— Work instruction —
Transcribe the data exactly, stopping after the "Landmark shows what" line.

— Data extracts —
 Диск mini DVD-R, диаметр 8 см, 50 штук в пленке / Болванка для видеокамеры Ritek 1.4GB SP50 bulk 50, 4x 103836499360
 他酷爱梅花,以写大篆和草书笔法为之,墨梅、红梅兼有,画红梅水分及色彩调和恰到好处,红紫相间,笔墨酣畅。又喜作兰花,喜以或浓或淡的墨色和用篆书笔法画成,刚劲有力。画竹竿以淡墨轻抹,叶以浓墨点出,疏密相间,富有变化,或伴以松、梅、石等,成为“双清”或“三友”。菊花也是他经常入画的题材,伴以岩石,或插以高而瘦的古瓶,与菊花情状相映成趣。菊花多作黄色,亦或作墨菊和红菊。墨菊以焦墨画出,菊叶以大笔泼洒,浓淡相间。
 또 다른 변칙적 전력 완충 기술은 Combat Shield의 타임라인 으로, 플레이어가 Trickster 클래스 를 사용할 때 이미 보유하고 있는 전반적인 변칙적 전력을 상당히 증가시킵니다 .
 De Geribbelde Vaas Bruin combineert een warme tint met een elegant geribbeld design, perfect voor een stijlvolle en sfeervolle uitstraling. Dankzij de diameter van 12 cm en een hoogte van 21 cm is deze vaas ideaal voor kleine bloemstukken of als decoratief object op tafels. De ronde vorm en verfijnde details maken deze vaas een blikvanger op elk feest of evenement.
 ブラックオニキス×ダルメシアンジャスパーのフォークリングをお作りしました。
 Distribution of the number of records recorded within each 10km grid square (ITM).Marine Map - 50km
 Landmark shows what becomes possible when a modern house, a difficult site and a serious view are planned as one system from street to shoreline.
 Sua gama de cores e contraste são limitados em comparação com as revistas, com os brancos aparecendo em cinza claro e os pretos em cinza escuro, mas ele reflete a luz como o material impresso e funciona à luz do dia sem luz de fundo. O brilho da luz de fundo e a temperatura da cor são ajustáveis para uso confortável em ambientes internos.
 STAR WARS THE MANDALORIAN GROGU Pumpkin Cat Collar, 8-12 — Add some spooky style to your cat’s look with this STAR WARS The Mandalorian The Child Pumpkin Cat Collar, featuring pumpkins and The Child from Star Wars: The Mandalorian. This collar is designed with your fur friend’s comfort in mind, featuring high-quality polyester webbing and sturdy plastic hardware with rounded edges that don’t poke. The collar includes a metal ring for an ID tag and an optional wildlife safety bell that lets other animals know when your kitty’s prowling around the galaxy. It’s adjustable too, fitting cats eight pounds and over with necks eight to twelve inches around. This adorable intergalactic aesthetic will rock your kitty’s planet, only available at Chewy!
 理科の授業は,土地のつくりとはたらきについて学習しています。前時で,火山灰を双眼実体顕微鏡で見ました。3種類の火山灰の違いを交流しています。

— Exercise response —
 Диск mini DVD-R, диаметр 8 см, 50 штук в пленке / Болванка для видеокамеры Ritek 1.4GB SP50 bulk 50, 4x 103836499360
 他酷爱梅花,以写大篆和草书笔法为之,墨梅、红梅兼有,画红梅水分及色彩调和恰到好处,红紫相间,笔墨酣畅。又喜作兰花,喜以或浓或淡的墨色和用篆书笔法画成,刚劲有力。画竹竿以淡墨轻抹,叶以浓墨点出,疏密相间,富有变化,或伴以松、梅、石等,成为“双清”或“三友”。菊花也是他经常入画的题材,伴以岩石,或插以高而瘦的古瓶,与菊花情状相映成趣。菊花多作黄色,亦或作墨菊和红菊。墨菊以焦墨画出,菊叶以大笔泼洒,浓淡相间。
 또 다른 변칙적 전력 완충 기술은 Combat Shield의 타임라인 으로, 플레이어가 Trickster 클래스 를 사용할 때 이미 보유하고 있는 전반적인 변칙적 전력을 상당히 증가시킵니다 .
 De Geribbelde Vaas Bruin combineert een warme tint met een elegant geribbeld design, perfect voor een stijlvolle en sfeervolle uitstraling. Dankzij de diameter van 12 cm en een hoogte van 21 cm is deze vaas ideaal voor kleine bloemstukken of als decoratief object op tafels. De ronde vorm en verfijnde details maken deze vaas een blikvanger op elk feest of evenement.
 ブラックオニキス×ダルメシアンジャスパーのフォークリングをお作りしました。
 Distribution of the number of records recorded within each 10km grid square (ITM).Marine Map - 50km
 Landmark shows what becomes possible when a modern house, a difficult site and a serious view are planned as one system from street to shoreline.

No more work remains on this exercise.